This guide shows you how to use Open Service Mesh (OSM) and Flagger to automate canary deployments.

Flagger OSM Traffic Split

Prerequisites

Flagger requires a Kubernetes cluster v1.16 or newer and Open Service Mesh 0.9.1 or newer.

OSM must have permissive traffic policy enabled and have an instance of Prometheus for metrics.

  • If the OSM CLI is being used for installation, install OSM using the following command:
    osm install \
    --set=OpenServiceMesh.deployPrometheus=true \
    --set=OpenServiceMesh.enablePermissiveTrafficPolicy=true
    
  • If a managed instance of OSM is being used:
    • Bring your own instance of Prometheus, setting the namespace to match the managed OSM controller namespace
    • Enable permissive traffic policy after installation by updating the OSM MeshConfig resource:
      # Replace <osm-namespace> with OSM controller's namespace
      kubectl patch meshconfig osm-mesh-config -n <osm-namespace> -p '{"spec":{"traffic":{"enablePermissiveTrafficPolicyMode":true}}}' --type=merge
      

To install Flagger in the default osm-system namespace, use:

kubectl apply -k https://github.com/fluxcd/flagger//kustomize/osm?ref=main

Alternatively, if a non-default namespace or managed instance of OSM is in use, install Flagger with Helm, replacing the values as appropriate. If a custom instance of Prometheus is being used, replace osm-prometheus with the relevant Prometheus service name.

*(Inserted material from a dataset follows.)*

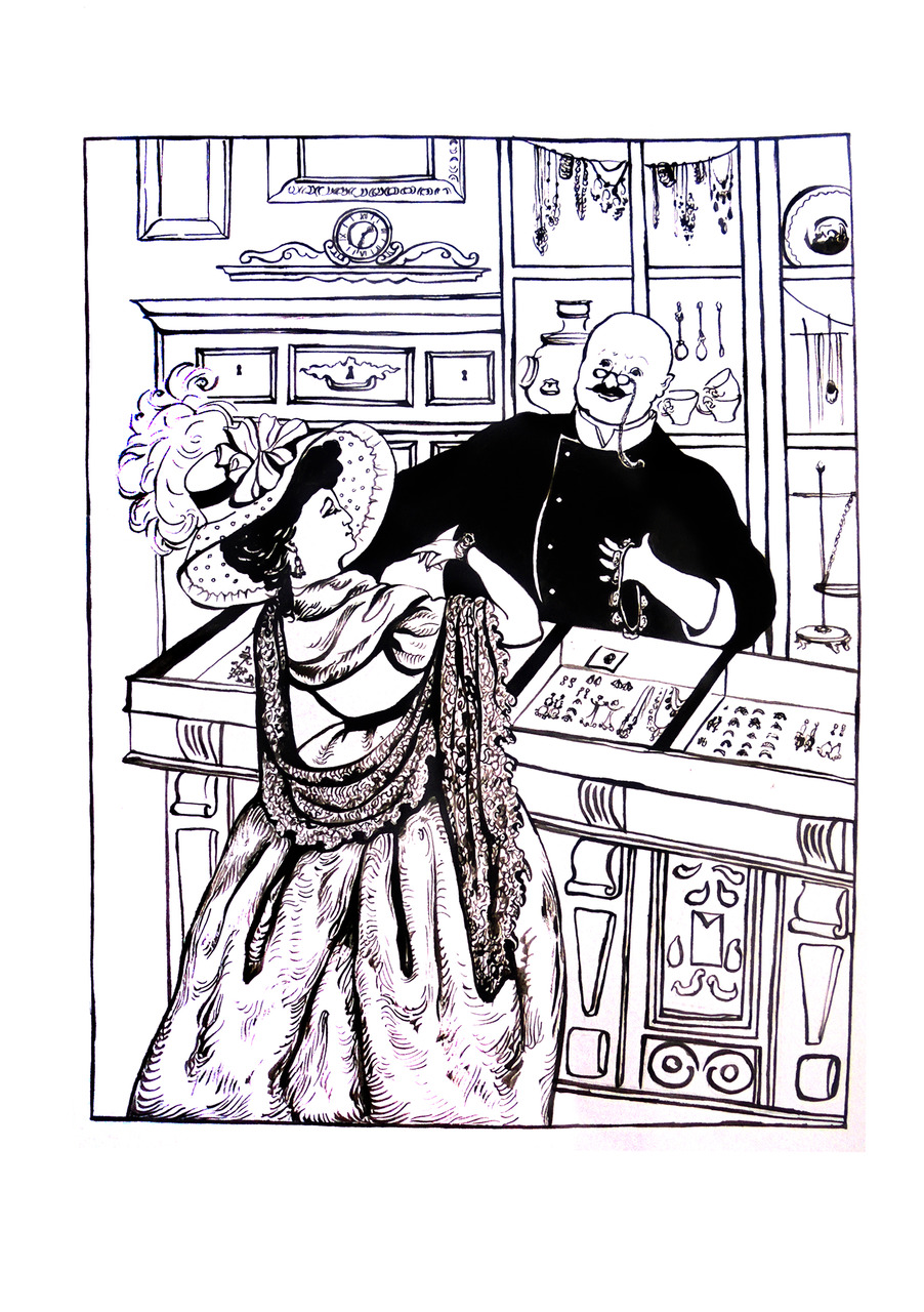 Шо, мадам, как Вам браслет?Да чтоб я так жил!Он понравился княжне?Я же говорил!Посмотрите, как горитВправленный гранат.Не хватает? Уступлю!Буду даже рад.Не желаете взглянуть?Положите глаз!Двадцать два карата здесь,А! Каков алмаз?Будет князь в восторге весь!Я Вам говорю!И на перстень скидка есть —Тоже уступлю!Шо, я Вас уговорил?Милая княжна!Ваш заказ доставят ВамК вечеру, до сна!Вы известная чета,Чтобы я так жил.Расскажите, можно всем,Как я угодил.Через парочку недельЗаходите вновь…Шо, оставите аванс?Вы ж моя любовь!Да, колье только для Вас!Чтоб мы все так жили!И почаще к ювелируС князем приходили!

helm upgrade -i flagger flagger/flagger \
--namespace=<osm-namespace> \
--set meshProvider=osm \
--set metricsServer=http://osm-prometheus.<osm-namespace>.svc:7070

Bootstrap

Flagger takes a Kubernetes deployment and optionally a horizontal pod autoscaler (HPA), then creates a series of objects (Kubernetes deployments, ClusterIP services and SMI traffic split). These objects expose the application inside the mesh and drive the canary analysis and promotion.

Create a test namespace and enable OSM namespace monitoring and metrics scraping for the namespace.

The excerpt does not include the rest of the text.